KOMŞUNUZ ve hatta dostunuz sizin sorunlarınızla ilgilenirse elbet memnun olursunuz.
Ama tadını kaçırır da her şeye burnunu sokarsa, "Tamam da kardeşim, sen benim ne ’vasim’sin ne de ben, mahcur (hukuki yetkilerini kullanamayan) bir insanım" der, gerektiğinde kapıyı da gösterirsiniz.
Avrupa Birliği (AB) sözcüleri işi o noktaya getirdiler. Özellikle de AB Parlamentosu Karma Komisyonu Eşbaşkanı sıfatını taşıyan Hollandalı eniştemiz Joost Lagendijk bunu hak etmiş görünüyor.
Nitekim gün geçmiyor ki Bay Lagendijk bize, "Öyle yapma, böyle yap!" diye reçete (hatta talimat) vermesin.

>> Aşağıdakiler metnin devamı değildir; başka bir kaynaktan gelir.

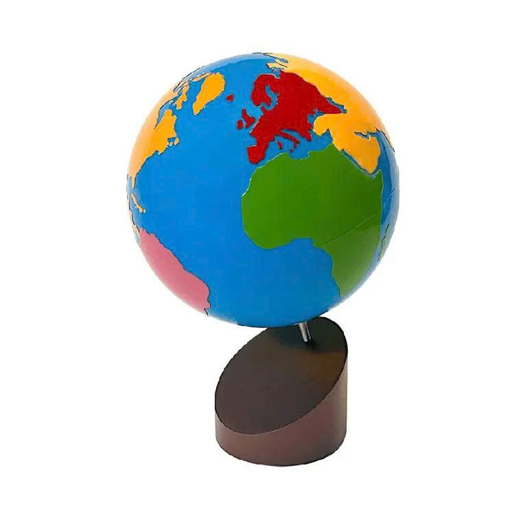 Sau khi làm việc với Quả địa cầu đất và nước, đứa trẻ sẽ chuyển sang Quả địa cầu các châu lục.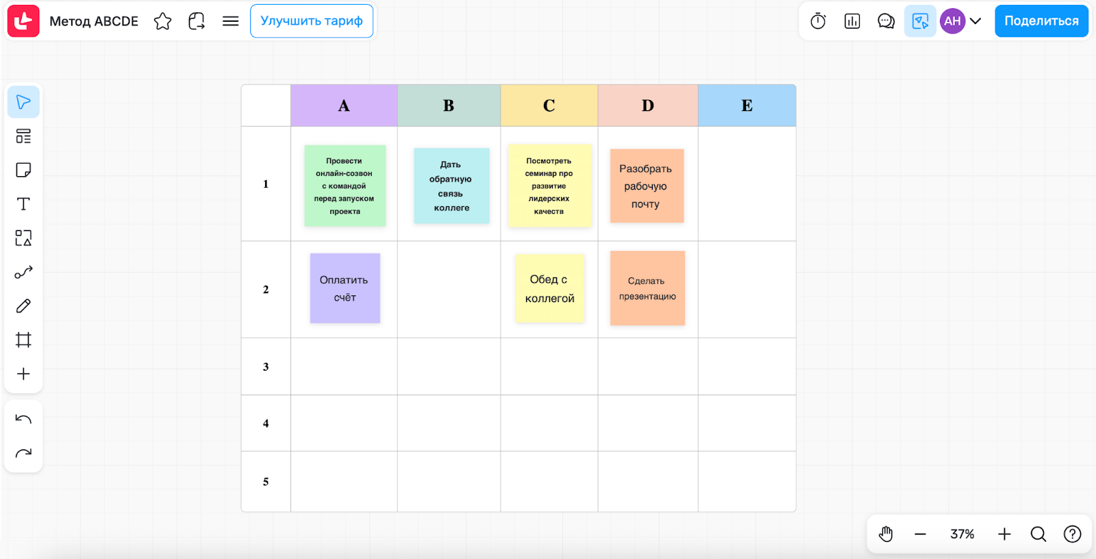 Регулярно обновляйте статусы и приоритеты задач, передвигая карточки между столбцами. Неактуальные смело помещайте в колонку E.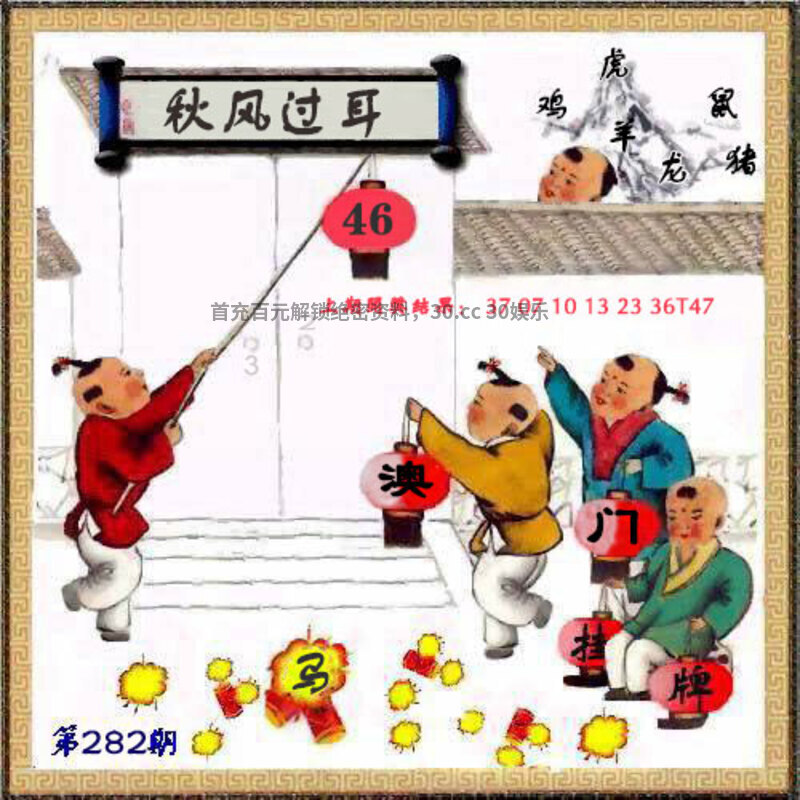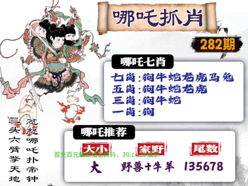 282期: ①七肖中特:狗牛蛇龙虎马兔 ②大小中特:大数 ③家野+2肖:野兽+牛羊 ④精准六尾:135678 |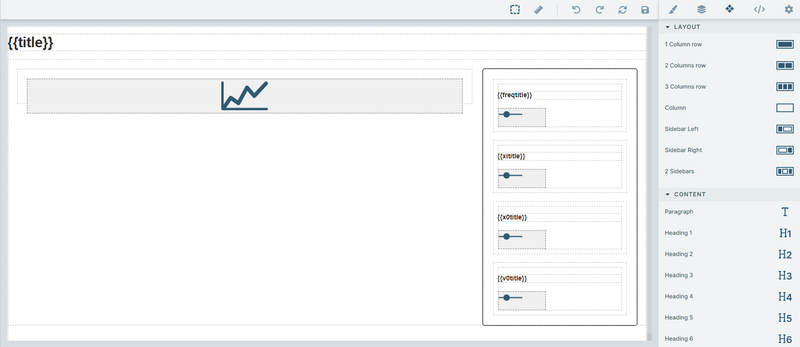 Layout -> Sidebar rightelement of the no-code editor. In the left column, a line plot has been inserted using theCharts -> Lineelement of the editor. The right column requires more work, since it contains 4 sliders, each of them having a title. Each slider is created using the following procedure:a. Use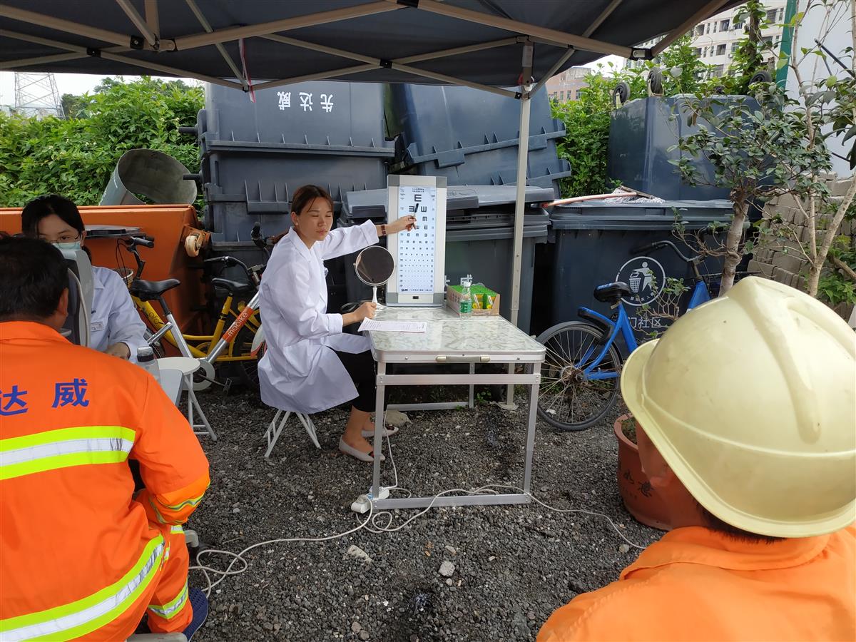 视力检查、眼压检查、裂隙灯检查以及眼健康咨询服务等。由于环卫工人工作的特殊性,长期在马路上作业,且作业现场灰尘较大,紫外线强,容易引发翼状胬肉、白内障等眼部疾病。因此,希望通过活动让更多的环卫工人关注自身眼健康、了解更多眼健康常识,使各种眼病能够早预防、早发现、早治疗。

Son olarak biliyorsunuz -bilmemeniz mümkün değil, çünkü muhteremin ağzından çıkan her kelime haber oluyor- İzmir’de bir konferans verdi ve hem "AKP’yi (türban konusunda aklınızdan geçenleri) sessiz ve yavaş yapın (...)" diyerek uyardıklarını itiraf etti, hem de "AKP’nin kapatılması davasının hukuki değil siyasi olduğunu" söyledi. Ve daha da ileri gidip "AKP kapatılacaktır" dedi. "AKP’nin kapatılmasının Türkiye’nin AB üyeliğine engel oluşturacağını" da ileri sürdü.
Öteki kehanetlerini de saydı. Örneğin AKP kapatıldıktan sonra yeni bir parti kurulacakmış. O parti seçmenden şimdiki AKP’den de büyük destek görecekmiş. O partiyi Tayyip Erdoğan dışarıdan yönetecekmiş.
Bunlara ek olarak enişte bey bir de terbiye dışı ifadelerle CHP’ye saldırdı.
Bizim anlamadığımız şu:
Bu Bay Lagendijk ile ondan bir gün önce Oxford Üniversitesi’ndebir konferans vererek "Türkiye, liberal demokrasi güçleri ile ulusalcı otokrasi güçleri arasındaki gerginlikten doğan bir kriz yaşıyor" diyen, AB’nin "Genişlemeden Sorumlu" Komiseri Olli Rehn’in Türkiye’yi anlamaları için daha ne kadar bekleyeceğiz? Daha doğrusu bu zevatın Türkiye’deki demokrasinin "olmazsa olmaz"larını öğrenmelerini beklemeye biz mecbur muyuz?
Kendi ülkelerinde "anti-laik" bir cereyan olabileceğini, bunun rejim için tehlike teşkil edecek boyutlara ulaşabileceğini tasavvur dahi edemeyen insanlara, onlara göre "yok" mesabesindeki hususun bizim için hayati önem taşıdığını nasıl anlatacağız?
Hadi onu bilmiyorlar diyelim. Peki ama "hukukun üstünlüğü" deyince mangalda kül bırakmayan, "yargı bağımsızlığı" söz konusu olunca herkese fetva veren bu insanlara, "Hukuk üstün ise, onun koyduğu kuralları çiğnemenin bir bedeli olmak gerekir. Bu bedeli bağımsız mahkemeler ödetir. AKP’nin şu anda karşı karşıya bulunduğu durum tam olarak budur" cümleleriyle özetlenebilecek durumu nasıl anlatacağız?
Özellikle de bağımsız yargının başlattığı bir süreci, "O hukuki değil, siyasi bir davadır" diyerek karalamanın, bu ülkenin yargı sistemine ağır bir saldırı teşkil ettiğini Bay Lagendijk’e açıklamak için hangi dili kullanmak gerekir?
Sahi bize akıl veren, demokrasi öğreten bu zevata özellikle de Bay Lagendijk’e, "Kendi ülkenizde demokrasinin álásı var diyordunuz ama son seçimlerde PvdA partisinden aday olmak isteyen Nebahat Albayrak’a, ’Ya Ermeni soykırımı gerçektir dersin, yahut aday olamazsın’ baskısı yapıldığı zaman demokratlığın neredeydi?" diye sormak gerekmez mi?